The Critical Role of Tumor Size in Predicting Prognosis for T1 Colon Cancer

Abstract

Background: The role of horizontal growth index of tumor size in survival prediction is still underappreciated in colon cancer because of the identification of vertical infiltration index reflected by T stage. We sought to reveal the impact of T stage on the prognostic and predictive value of tumor size in colon cancer.

Materials and methods: Data of patients with stage I-III colon cancer were extracted from Surveillance, Epidemiology, and End Results Program (SEER) and Fudan University Shanghai Cancer Center (FUSCC) databases. Harrell's concordance index (c-index) and time-dependent receiver operating characteristic curve (ROC) were used to analyze the discriminative ability of prognostic factors.
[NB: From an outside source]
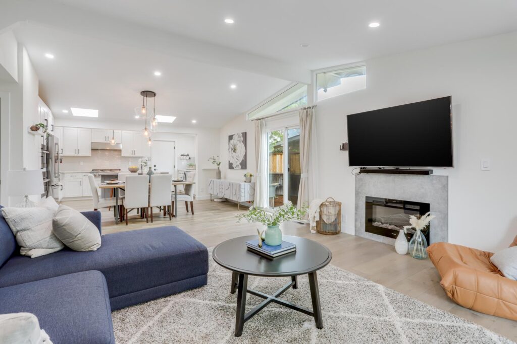 Fully remodeled modern home offers a bright and open living space in a desirable cul-de-sac location with access to Cupertino schools. The bright and airy great room features a vaulted ceiling and clerestory windows that flood the space with natural light, while the fireplace adds warmth & ambiance. Sliding glass doors on 2 sides open seamlessly to the side yard & backyard, creating a perfect indoor-outdoor flow. The entertainer’s dream kitchen boasts a large island and is outfitted with brand new appliances, including a 36” Kraus apron sink, a built-in Bosch oven and microwave, a 36” KitchenAid cooktop, and Vent A Hood range. Updated bathrooms feature frameless glass enclosures & large vanities with modern quartz countertops. A professionally landscaped backyard invites relaxation & outdoor entertaining. Enjoy evenings under the pergola or gather on the expansive paver patio. The side yard offers possibilities for outdoor dining. Additional upgrades include new copper plumbing, new sewer lines, additional insulation, a whole-house water softener system, a reverse osmosis system, and a finished garage with flooring, AC, a Tesla charger, recessed lighting, and a closet. The home is also close to major tech employers like Apple and the vibrant shopping and dining options of Valley Fair and Santana Row!

Results: Stratified analyses based on T stage found that the increase of T stage significantly and negatively repressed the effect of tumor size on death and recurrence risk. In addition, tumor size showed the greatest hazard ratio of cancer-specific death and relapse in T1 colon cancer. Even more importantly, the discriminatory ability of tumor size outperformed any other widely accepted prognostic clinical features in predicting cancer-specific survival (SEER: c-index 0.637, area under the ROC [AUC] 0.649; FUSCC: c-index 0.673, AUC 0.686) and disease-free survival (FUSCC: c-index 0.645, AUC 0.656) in T1 stage colon cancer.

Conclusion: Tumor size is a critical clinical factor with considerable prognostic and predictive value for T1 colon cancer, and it should be selectively incorporated into the current staging system to facilitate prediction of death and recurrence risk.
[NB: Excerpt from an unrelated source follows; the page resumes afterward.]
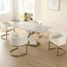 Upgrade your dining room or living space today with these contemporary velvet dining chairs. Their stylish design and unmatched comfort are sure to impress. Don't wait—add a touch of luxury and elegance to your home with this stunning chair set.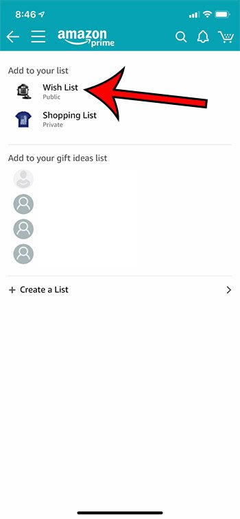 ステップ3:を選択しますあなたのリストオプション。ウィッシュリストに直接開く必要があります。

Implications for practice: To date, no consensus has been reached about the prognostic and predictive value of tumor size in colon cancer. Although tumor size is an independent prognostic factor for patients with colon cancer, the impact of tumor size on death or recurrence risk decreased notably with the increase of T stage. More importantly, the discriminative ability of tumor size outperformed any other clinical factors including N stage in patients with T1 colon cancer. Therefore, tumor size should be recommended to be incorporated into current staging systems to facilitate prognosis prediction for patients with T1 colon cancer.
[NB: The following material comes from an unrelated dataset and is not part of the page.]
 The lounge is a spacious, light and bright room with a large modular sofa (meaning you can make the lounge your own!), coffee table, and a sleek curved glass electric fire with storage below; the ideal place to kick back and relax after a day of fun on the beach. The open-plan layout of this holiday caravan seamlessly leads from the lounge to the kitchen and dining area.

Keywords: Cancer-specific survival; Colon cancer; Disease-free survival; T1 stage; Tumor size.

Figure 1

Impact of T stage on the hazard ratio of tumor size in predicting CSS and DFS of colon cancer. (A): CSS in SEER database. (B): CSS in FUSCC database. (C): DFS in FUSCC database. Abbreviations: CSS, cancer‐specific survival; DFS, disease‐free survival; FUSCC, Fudan University Shanghai Cancer Center; SEER, Surveillance, Epidemiology, and End Results.

Figure 2

Construction and validation of tumor size–based nomogram in T1 colon cancer. (A): Tumor size–based nomogram in Surveillance, Epidemiology, and End Results (SEER) data set. (B): Nomogram without tumor size in SEER. (C): Time‐dependent ROC of the nomogram with or without tumor size. (D): Validation and prediction performance of the nomogram with or without tumor size in Fudan University Shanghai Cancer Center cohort. Abbreviations: AUC, area under the ROC; LNH, lymph node harvest; ROC, receiver operating characteristic curve.